O Intercept destaca que a divulgação não autorizada de informações sigilosas por parte dos procuradores poderia caracterizar, em tese, o crime previsto no artigo 325 do Código Penal, que pune com até dois de prisão o agente público que "revelar fato de que tem ciência em razão do cargo e que deva permanecer em segredo, ou facilitar-lhe a revelação".

O site afirma que Moro não quis se pronunciar sobre as mensagens e "limitou-se a reafirmar posicionamento adotado nas últimas semanas, pondo em dúvida a autenticidade das mensagens obtidas pelo Intercept e sugerindo que elas podem ter sido adulteradas."

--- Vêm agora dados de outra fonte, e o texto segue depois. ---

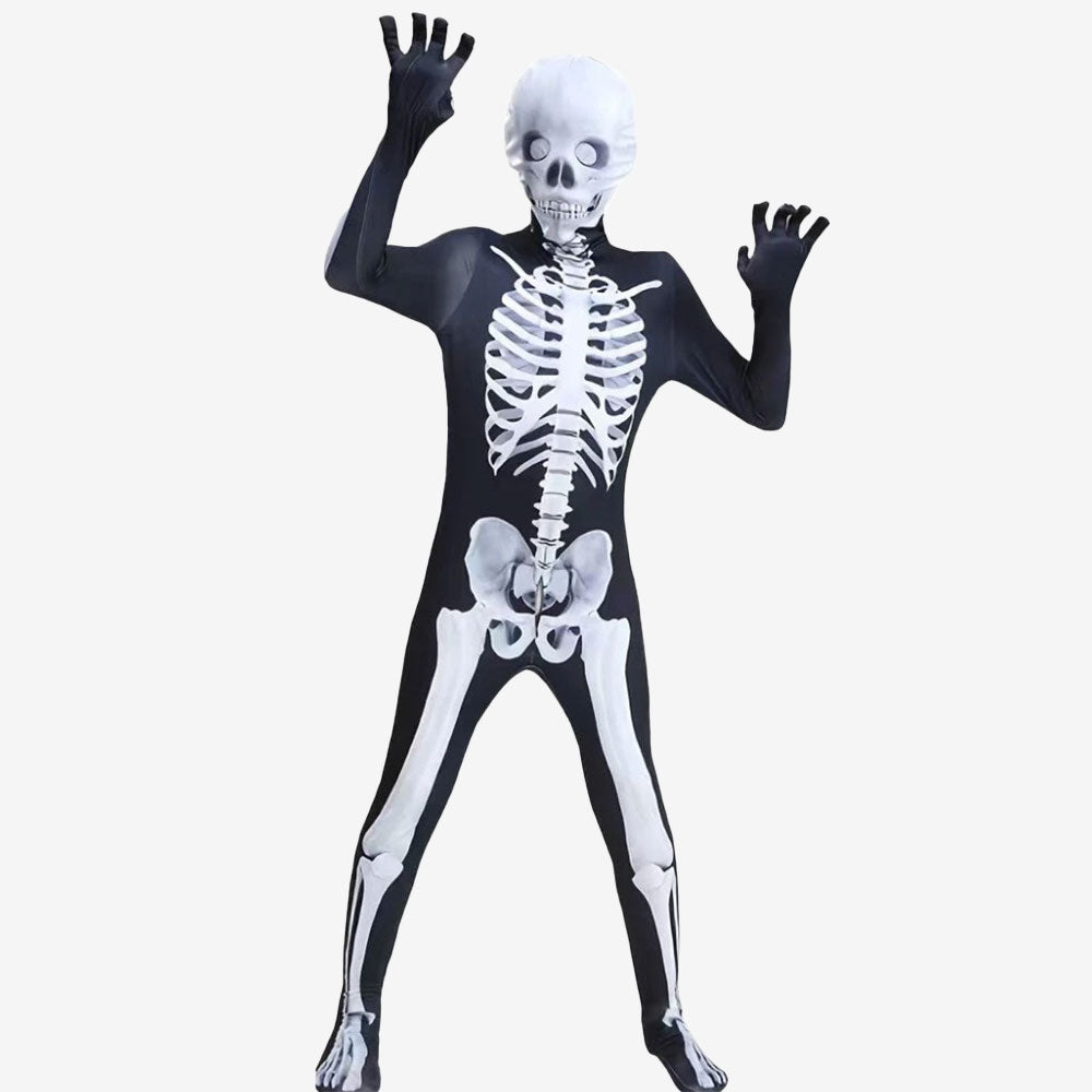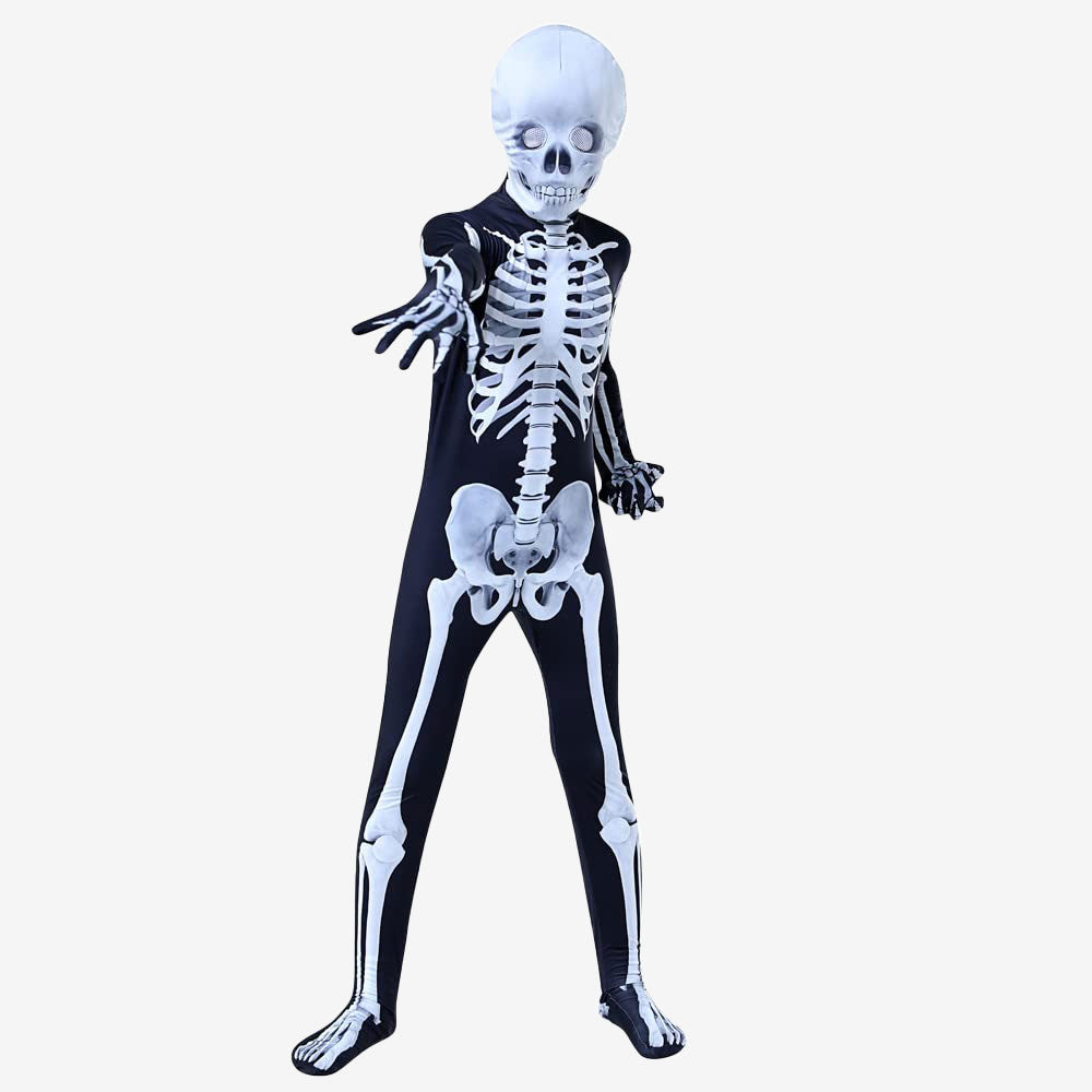 Ce déguisement de squelette intégral offre un effet terrifiant et réaliste pour Halloween. Sa combinaison noire imprimée d’os blancs, en tissu extensible et confortable, assure une liberté totale de mouvement. Parfait pour les soirées costumées ou spectacles, il mêle confort, réalisme et frisson pour un rendu inoubliable.

Segundo o site, a força-tarefa da Lava Jato respondeu através de sua assessoria, dizendo que "o material apresentado pela reportagem não permite verificar o contexto e a veracidade das mensagens". A PGR e a Odebrecht adiantaram que não vão se manifestar sobre o caso.

As sugestões de Moro sobre a ação da força-tarefa nesse caso se soma a várias outras que ele teria feito aos procuradores durante os processos da Lava Jato.

Nesta sexta-feira, a revista Veja, em parceria com The Intercept, divulgou conteúdos de supostas mensagens em que Moro teria interferido em vários procedimentos, dando palpites na agenda dos procuradores, pedindo que apressassem requerimentos e até reclamando da demora do MPF em fazer declarações públicas que seriam convenientes aos processos sob sua tutela.